EXTRACTED RECORDS: Begin

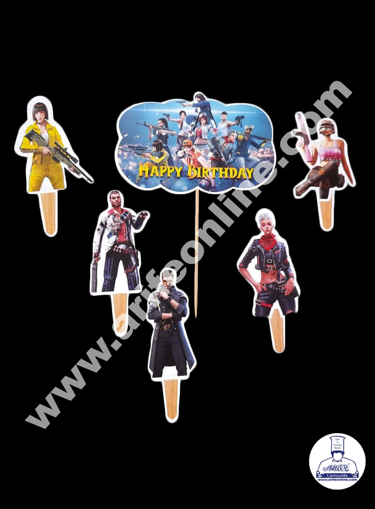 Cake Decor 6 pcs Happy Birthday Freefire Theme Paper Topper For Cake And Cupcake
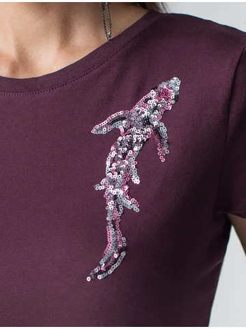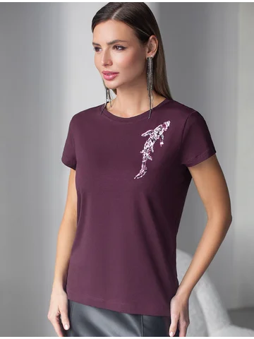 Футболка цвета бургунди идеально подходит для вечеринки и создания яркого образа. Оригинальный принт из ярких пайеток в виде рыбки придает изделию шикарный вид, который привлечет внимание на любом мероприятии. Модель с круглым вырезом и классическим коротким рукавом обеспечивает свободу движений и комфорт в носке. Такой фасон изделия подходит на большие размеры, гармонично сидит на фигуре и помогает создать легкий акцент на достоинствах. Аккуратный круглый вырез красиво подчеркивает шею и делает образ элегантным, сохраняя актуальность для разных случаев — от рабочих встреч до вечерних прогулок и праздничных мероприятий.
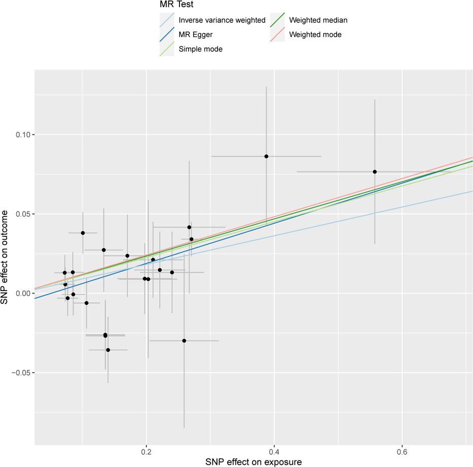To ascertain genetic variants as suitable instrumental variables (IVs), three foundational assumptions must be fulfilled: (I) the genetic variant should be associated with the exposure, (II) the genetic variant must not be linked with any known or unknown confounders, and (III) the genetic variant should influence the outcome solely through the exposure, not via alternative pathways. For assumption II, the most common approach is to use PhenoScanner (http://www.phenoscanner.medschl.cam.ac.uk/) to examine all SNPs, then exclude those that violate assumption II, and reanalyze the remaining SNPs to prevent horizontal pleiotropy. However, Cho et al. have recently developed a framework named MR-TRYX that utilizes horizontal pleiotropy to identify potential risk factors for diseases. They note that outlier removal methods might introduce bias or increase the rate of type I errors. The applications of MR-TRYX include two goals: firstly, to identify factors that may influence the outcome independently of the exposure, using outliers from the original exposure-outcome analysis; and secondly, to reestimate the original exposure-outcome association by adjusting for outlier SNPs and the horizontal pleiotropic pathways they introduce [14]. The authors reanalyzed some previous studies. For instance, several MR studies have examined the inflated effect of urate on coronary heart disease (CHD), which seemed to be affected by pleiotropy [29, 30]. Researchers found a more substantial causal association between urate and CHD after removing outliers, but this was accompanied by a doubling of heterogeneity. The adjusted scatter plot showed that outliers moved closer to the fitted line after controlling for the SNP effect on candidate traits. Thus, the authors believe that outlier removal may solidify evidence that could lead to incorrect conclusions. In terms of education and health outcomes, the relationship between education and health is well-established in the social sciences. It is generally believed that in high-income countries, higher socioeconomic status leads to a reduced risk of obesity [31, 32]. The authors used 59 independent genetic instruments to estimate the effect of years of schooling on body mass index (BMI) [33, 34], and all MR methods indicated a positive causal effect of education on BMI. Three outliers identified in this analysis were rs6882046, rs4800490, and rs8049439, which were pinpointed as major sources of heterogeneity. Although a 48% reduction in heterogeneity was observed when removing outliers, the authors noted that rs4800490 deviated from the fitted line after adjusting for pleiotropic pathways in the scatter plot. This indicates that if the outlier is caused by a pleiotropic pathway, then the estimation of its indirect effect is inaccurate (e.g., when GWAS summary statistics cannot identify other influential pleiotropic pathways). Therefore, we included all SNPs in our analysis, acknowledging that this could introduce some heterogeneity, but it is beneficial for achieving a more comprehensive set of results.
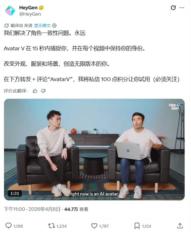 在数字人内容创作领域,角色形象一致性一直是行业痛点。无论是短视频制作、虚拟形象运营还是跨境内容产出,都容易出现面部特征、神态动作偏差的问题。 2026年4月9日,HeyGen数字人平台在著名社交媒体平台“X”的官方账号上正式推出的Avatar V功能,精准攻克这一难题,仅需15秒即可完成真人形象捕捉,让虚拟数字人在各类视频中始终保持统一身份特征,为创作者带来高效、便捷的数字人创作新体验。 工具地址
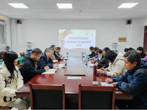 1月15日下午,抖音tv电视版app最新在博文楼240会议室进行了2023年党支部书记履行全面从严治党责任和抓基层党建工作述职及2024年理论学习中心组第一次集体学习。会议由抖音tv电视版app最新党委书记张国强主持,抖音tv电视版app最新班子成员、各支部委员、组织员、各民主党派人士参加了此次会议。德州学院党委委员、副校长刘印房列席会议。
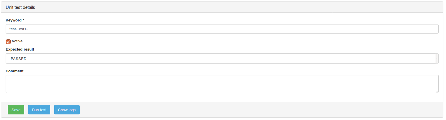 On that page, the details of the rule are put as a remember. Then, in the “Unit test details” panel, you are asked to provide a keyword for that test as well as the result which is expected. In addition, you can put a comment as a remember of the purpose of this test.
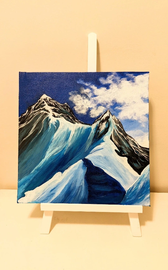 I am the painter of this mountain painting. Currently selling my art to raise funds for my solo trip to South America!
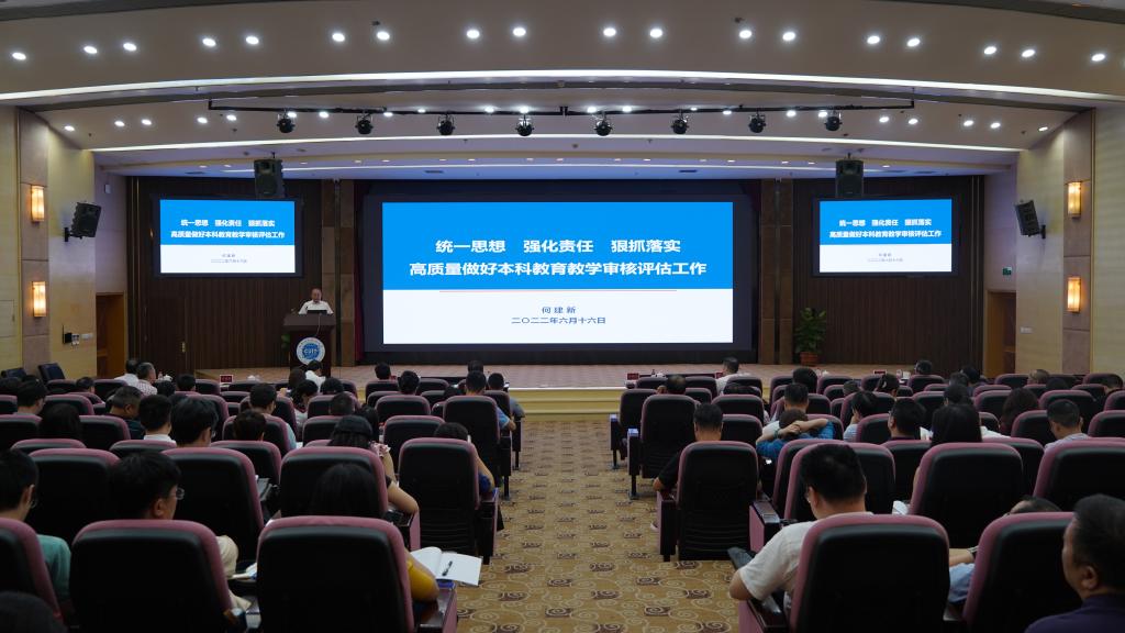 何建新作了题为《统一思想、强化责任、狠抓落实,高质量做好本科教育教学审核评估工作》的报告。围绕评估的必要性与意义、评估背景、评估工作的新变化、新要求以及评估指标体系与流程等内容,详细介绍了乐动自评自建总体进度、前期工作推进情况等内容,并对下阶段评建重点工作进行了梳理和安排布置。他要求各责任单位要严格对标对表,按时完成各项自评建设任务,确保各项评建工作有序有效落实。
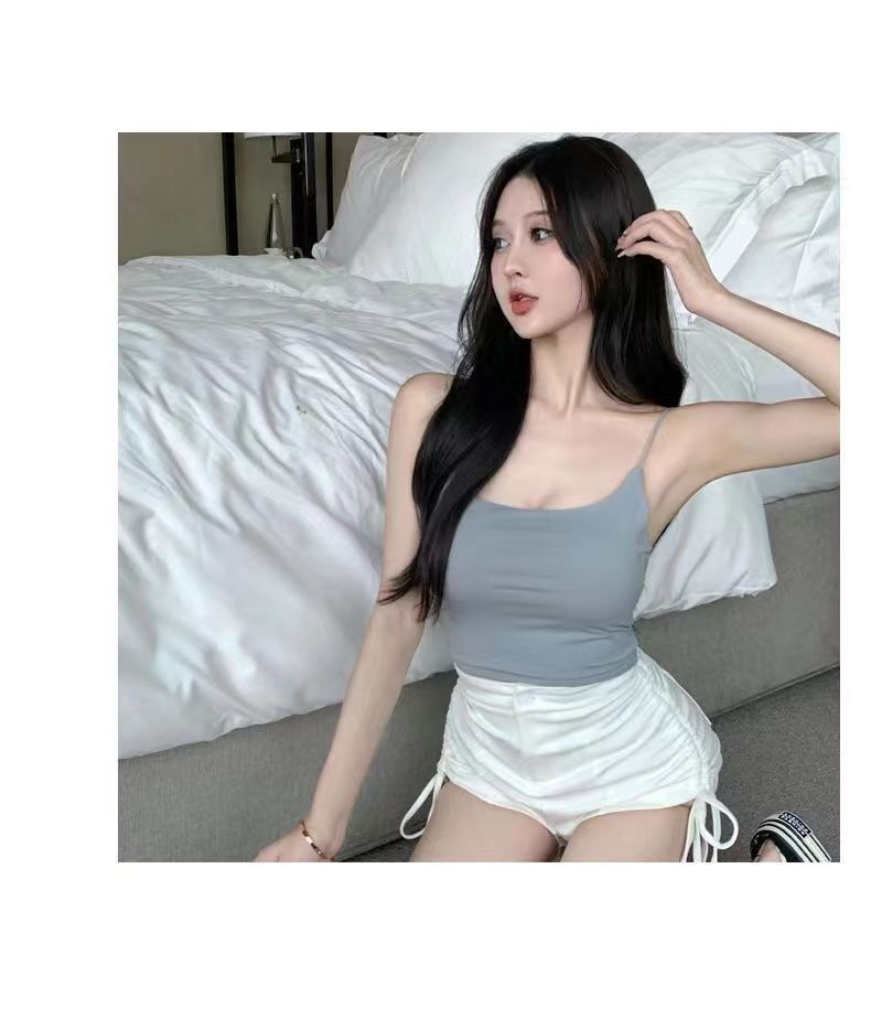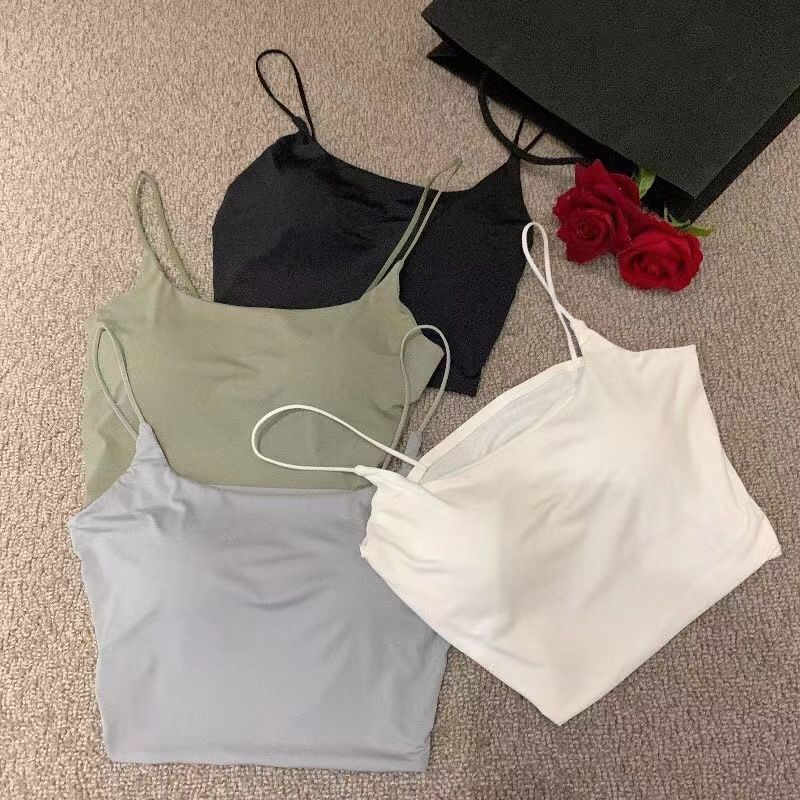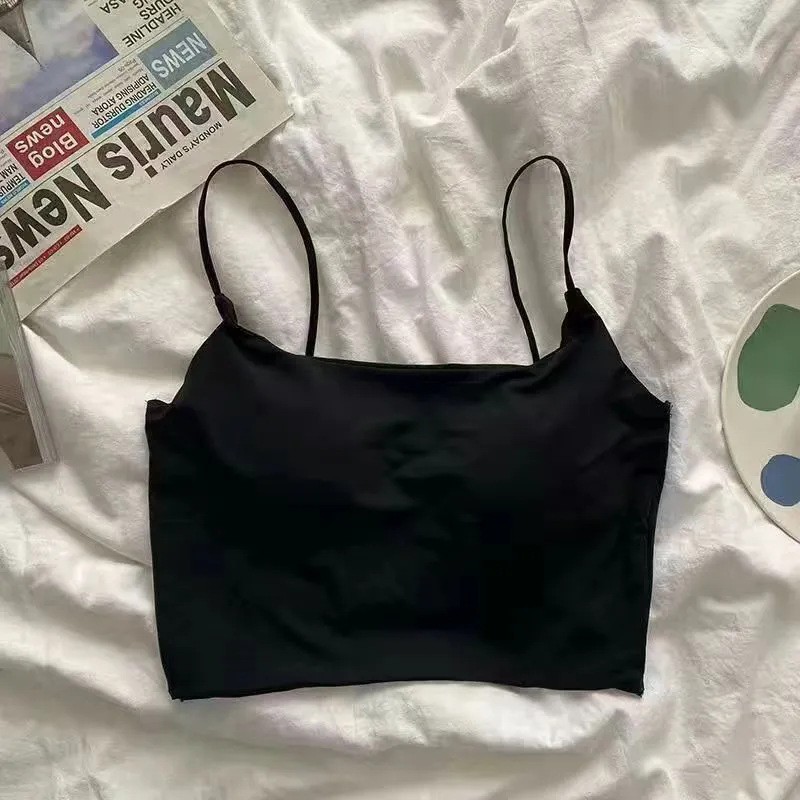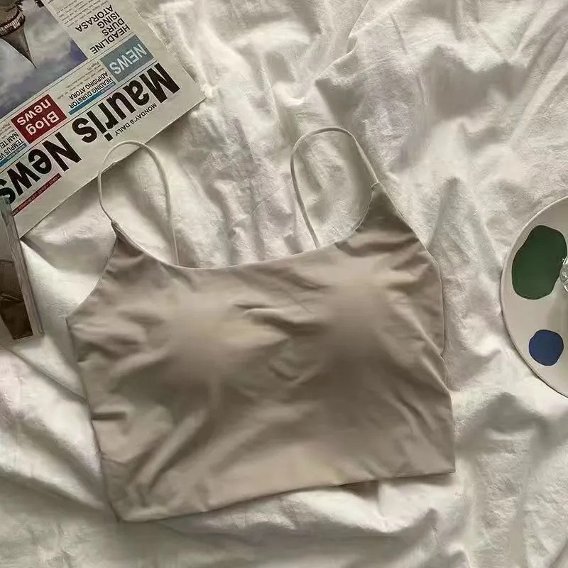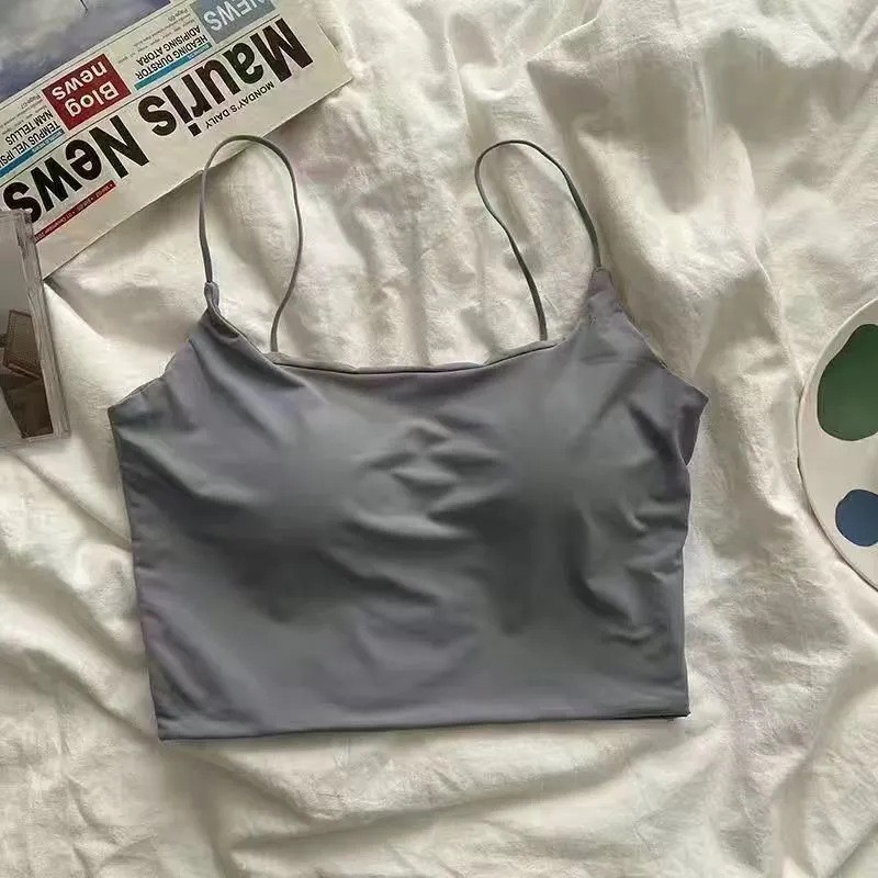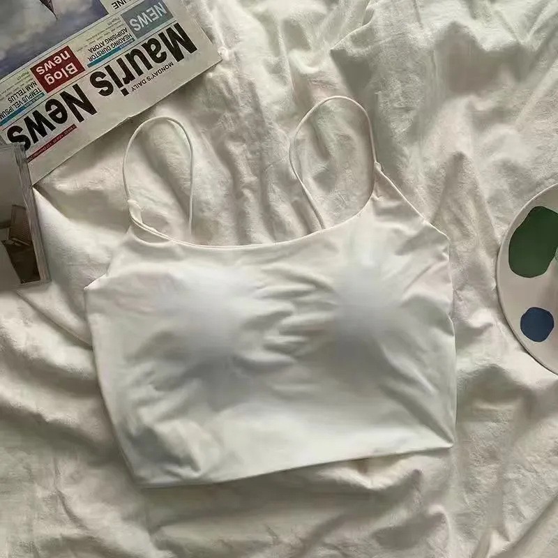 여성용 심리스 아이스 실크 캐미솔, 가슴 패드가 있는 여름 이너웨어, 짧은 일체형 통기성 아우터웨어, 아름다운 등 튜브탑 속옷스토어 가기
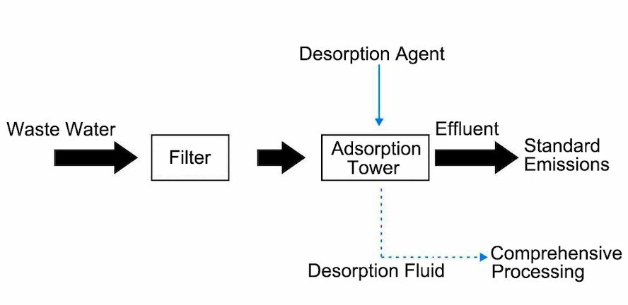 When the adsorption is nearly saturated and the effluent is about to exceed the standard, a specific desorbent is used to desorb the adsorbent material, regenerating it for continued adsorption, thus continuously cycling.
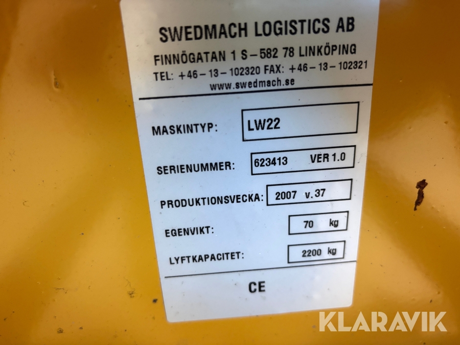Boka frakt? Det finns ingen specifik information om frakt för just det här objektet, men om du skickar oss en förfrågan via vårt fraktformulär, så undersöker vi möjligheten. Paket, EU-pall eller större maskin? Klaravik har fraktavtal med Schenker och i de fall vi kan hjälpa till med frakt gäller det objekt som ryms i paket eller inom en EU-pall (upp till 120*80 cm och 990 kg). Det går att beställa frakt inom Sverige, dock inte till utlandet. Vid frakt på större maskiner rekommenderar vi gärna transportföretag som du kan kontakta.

EXTRACTED RECORDS: End

In the listing above, find the line with "何建新作了题为《统一思想、强" and the line with "여성용 심리스 아이스". Output both, plus every line between them, and no pictures.

 何建新作了题为《统一思想、强化责任、狠抓落实,高质量做好本科教育教学审核评估工作》的报告。围绕评估的必要性与意义、评估背景、评估工作的新变化、新要求以及评估指标体系与流程等内容,详细介绍了乐动自评自建总体进度、前期工作推进情况等内容,并对下阶段评建重点工作进行了梳理和安排布置。他要求各责任单位要严格对标对表,按时完成各项自评建设任务,确保各项评建工作有序有效落实。
 여성용 심리스 아이스 실크 캐미솔, 가슴 패드가 있는 여름 이너웨어, 짧은 일체형 통기성 아우터웨어, 아름다운 등 튜브탑 속옷스토어 가기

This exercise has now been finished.